■ Exercise prompt ■
Transcribe the data exactly, omitting whatever pictures it holds.

(Listed records begins)

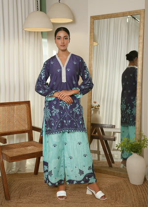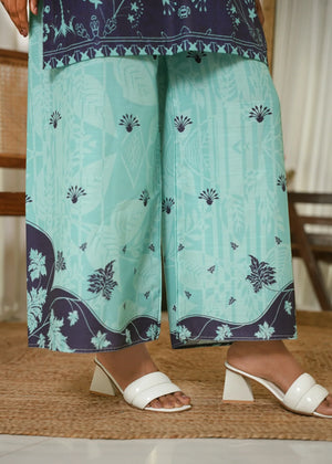 Immerse yourself in the enchanting hues of Midnight Bloom. This captivating 2-piece set pairs a deep indigo shirt with contrasting teal wide-leg trousers for a look that is both bold and harmonious. The design features a nature-inspired print of florals and palms, elevated by a shimmering silver embellished V-neckline and playful ruffled cuffs for a touch of evening glamour.
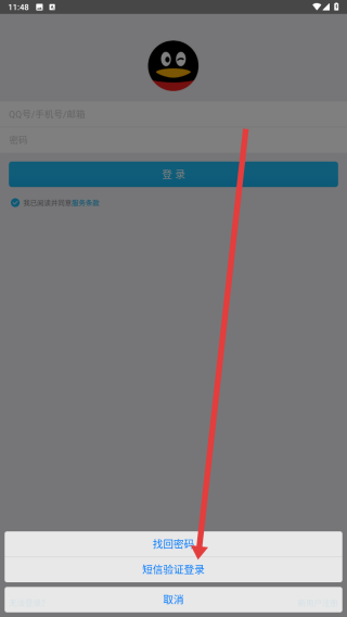 2、在弹出的选项中,可以通过点击短信验证登录选项,进行登录。
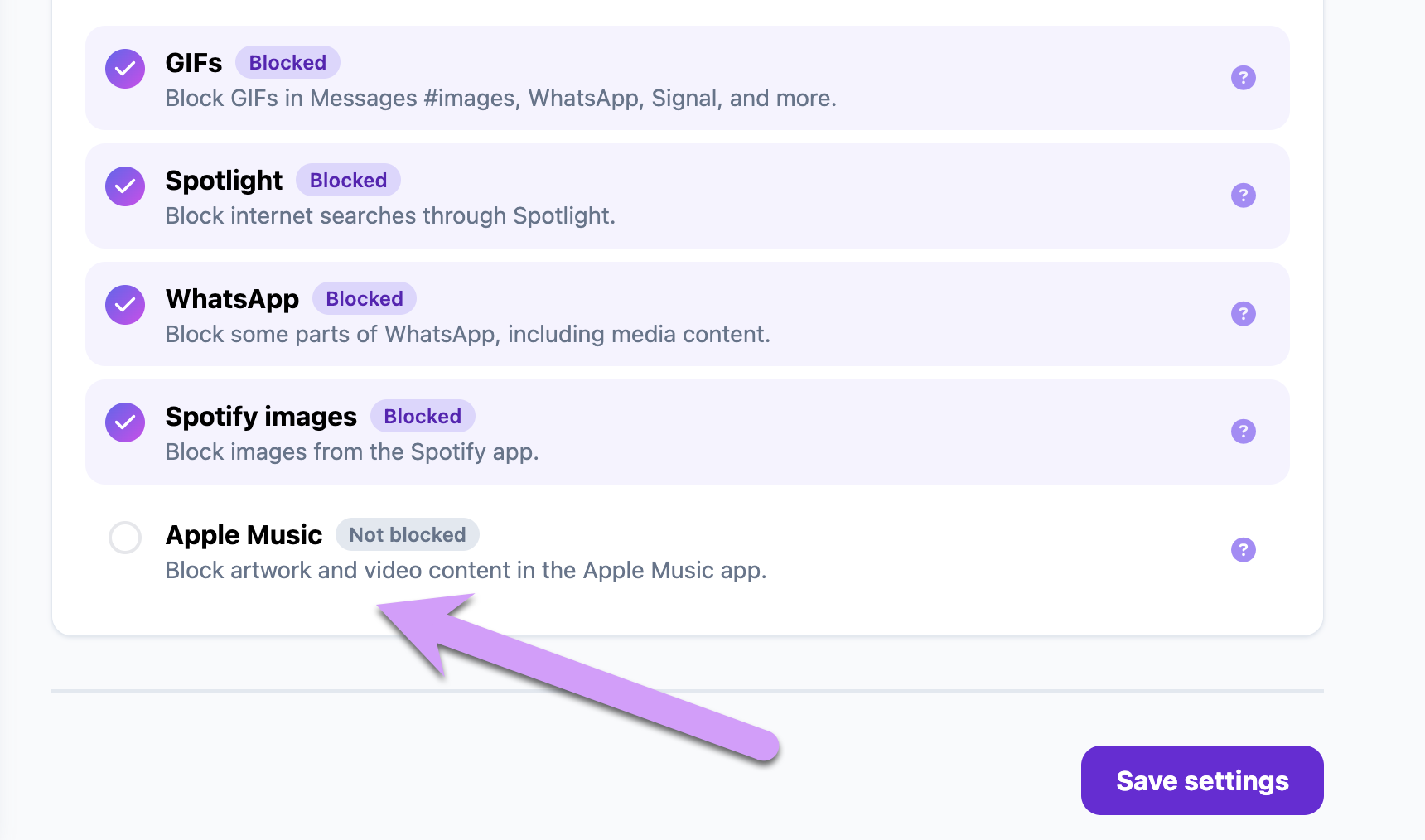 If you already have Gertrude installed, it's a little more involved. Because we don't want to silently change behavior for families that are already relying on the app, new block groups are opt-in for existing users—the Apple Music group won't turn on automatically when you update.
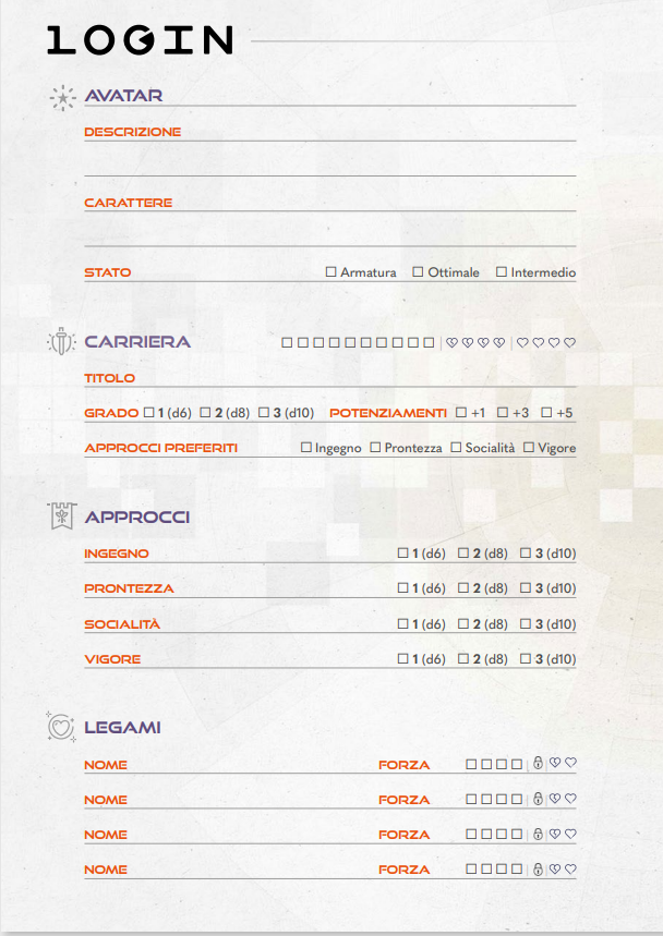 Motivazioni (Drives): il sogno del PG, ciò che lo spinge ad andare avanti e a rischiare l’osso del collo.
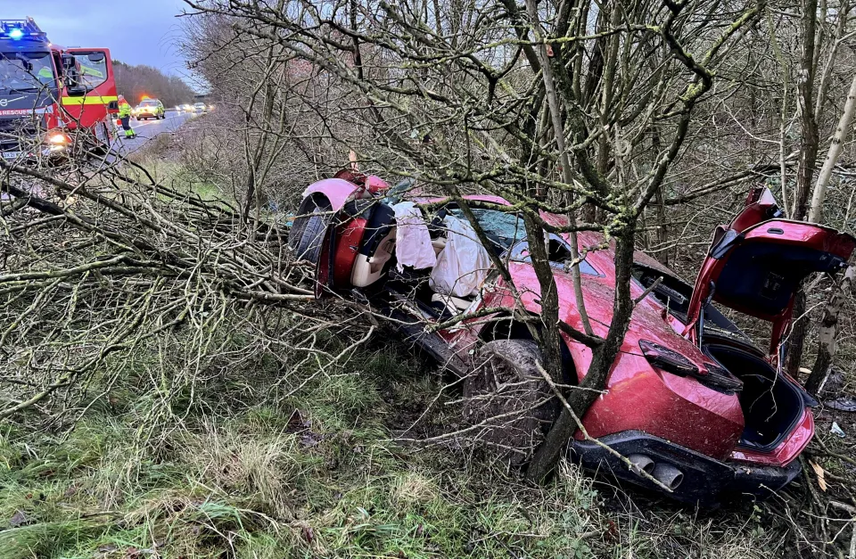 Une Ferrari Roma lourdement accidentée sur route glissante !

(Listed records ends)

■ Solution ■
 Immerse yourself in the enchanting hues of Midnight Bloom. This captivating 2-piece set pairs a deep indigo shirt with contrasting teal wide-leg trousers for a look that is both bold and harmonious. The design features a nature-inspired print of florals and palms, elevated by a shimmering silver embellished V-neckline and playful ruffled cuffs for a touch of evening glamour.
 2、在弹出的选项中,可以通过点击短信验证登录选项,进行登录。
 If you already have Gertrude installed, it's a little more involved. Because we don't want to silently change behavior for families that are already relying on the app, new block groups are opt-in for existing users—the Apple Music group won't turn on automatically when you update.
 Motivazioni (Drives): il sogno del PG, ciò che lo spinge ad andare avanti e a rischiare l’osso del collo.
 Une Ferrari Roma lourdement accidentée sur route glissante !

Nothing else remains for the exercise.